弱い妖怪であっても、最低でもブレインクラスの妖怪が出てくるので、この世界の防衛戦力としては十分だろう。
しかしルプスレギナからの報告ではオロチがアイテムを渡した相手であるエンリは、なんとそのアイテムを一度も使ってないのだという。
理由を尋ねると、巻物に描かれている水墨画が凄すぎて使用できないらしい。
オロチは自分のアイテムストレージから『百鬼夜行絵巻』を取り出し、それをテーブルの上に広げた。
「わぁ、なんか凄い巻物だねー。今にも動き出しそうな絵が描いてあるよー」
「ああ、そうだな。……改めて見れば、確かに使うのを躊躇う気持ちも分からんでもない、か」
巻物には異形の妖怪達がぞろぞろと行進している様子が描かれていた。
芸術には疎いオロチであっても、この巻物に不思議な魅力が宿っているように感じる。
それこそ今にも動き出しそうな……
「――って、この絵微妙に動いてないか?」
注意しなければ気がつかないであろう些細な変化。オロチの指摘を受けて他の面々も気づき始める。
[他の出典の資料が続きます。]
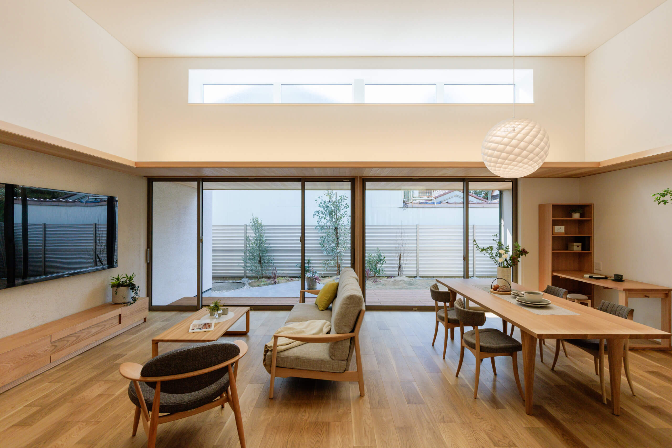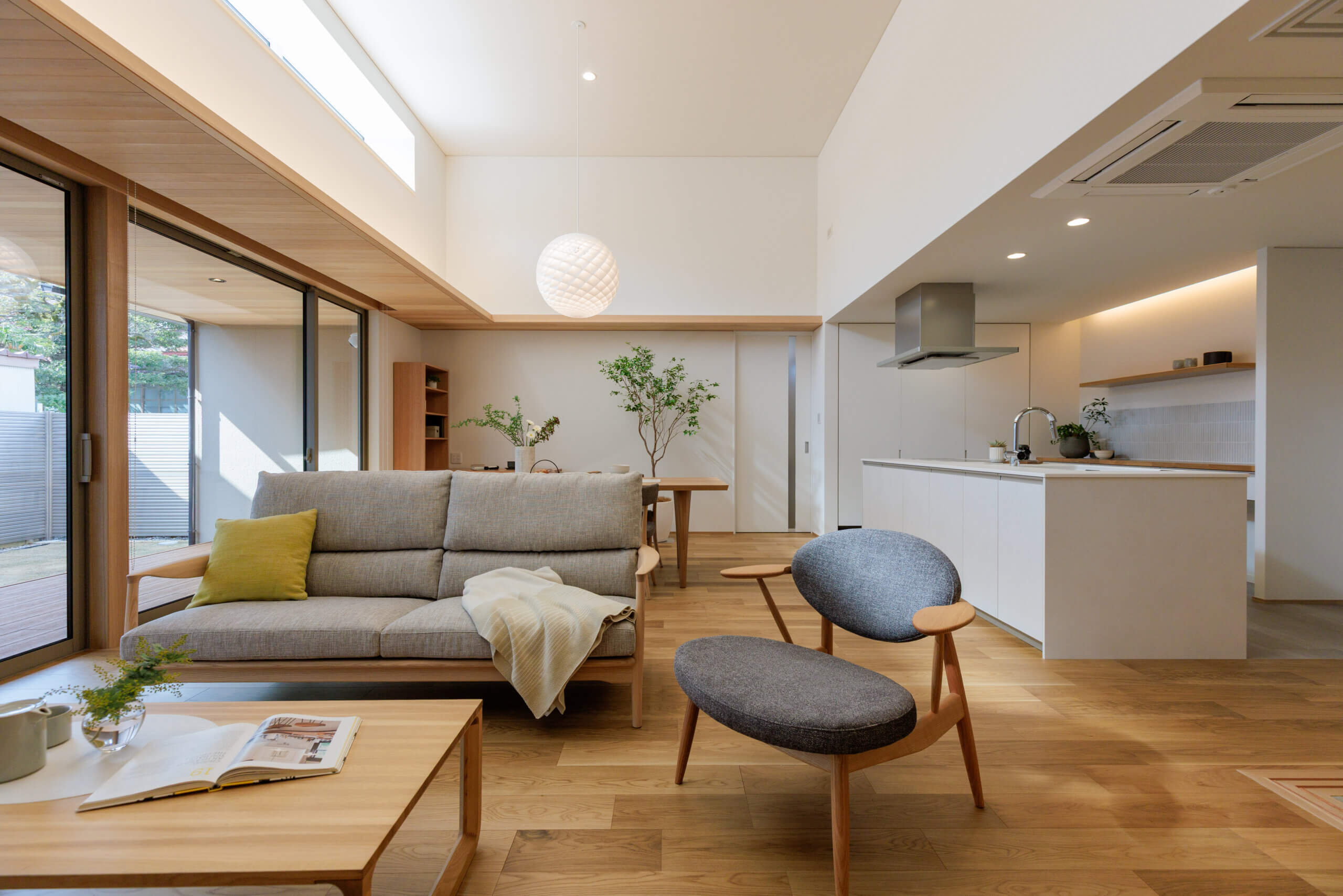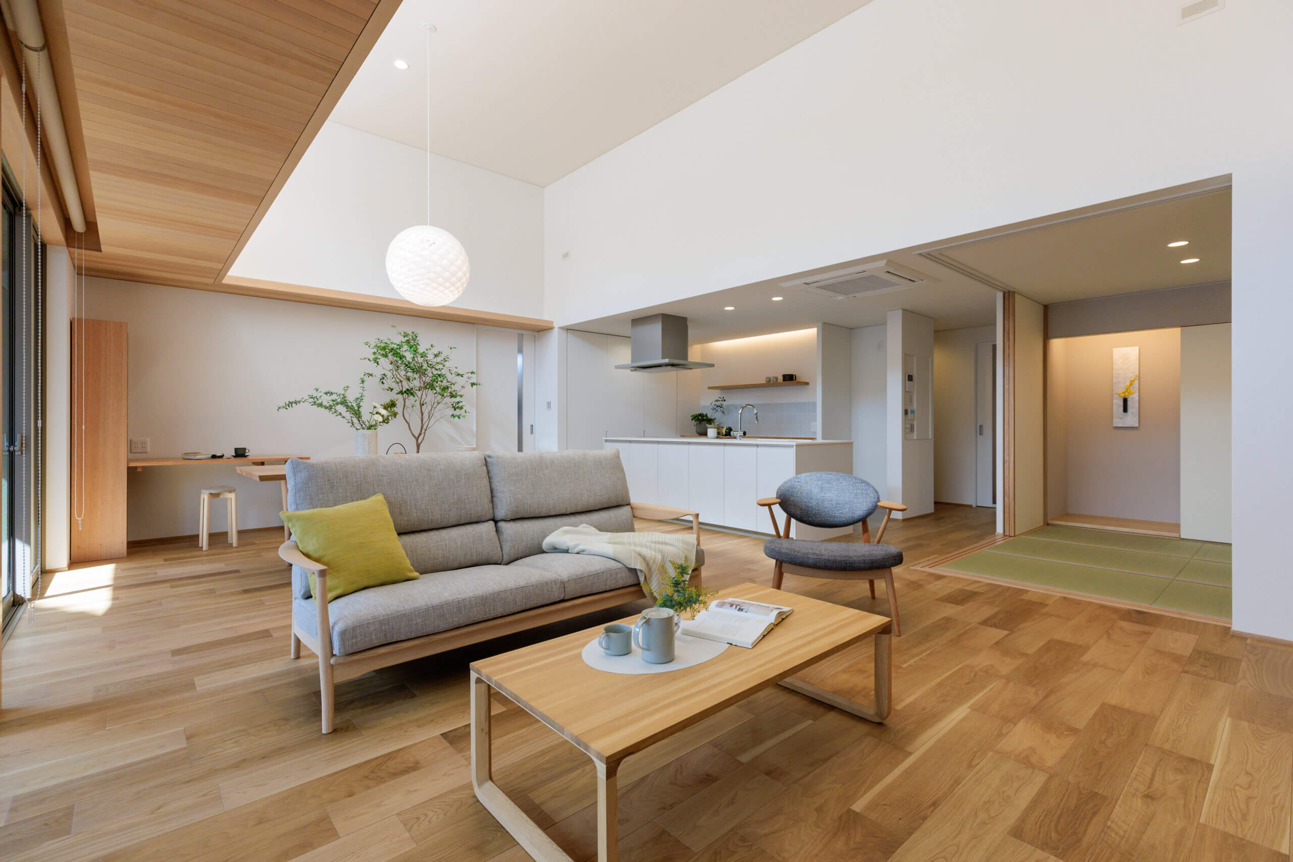 庭とLDKの広がりが融合した一体感 グランドスタイル~玉家の平屋~ こだわりLDK こだわり玄関・ホール 子育て世帯 庭・テラス 勾配天井・吹き抜け 家事動線・生活収納 和室 50~60坪台 詳細はこちら

「確かに動いているようにも見えますね。……というよりも、オロチ様に反応しているのでは?」
ナーベラルが口にしたその言葉はかなり的を射ていた。
オロチがその場を離れれば、不思議な事に少しずつ巻物がオロチに惹かれるようにカタカタと近づいているのだ。
まるで自分の主人はオロチなのだと言うように。
「ま、今のところ使う予定はないけどね」
オロチがそう言うと、巻物がガタッと音を立てて落ち込んだような気がした。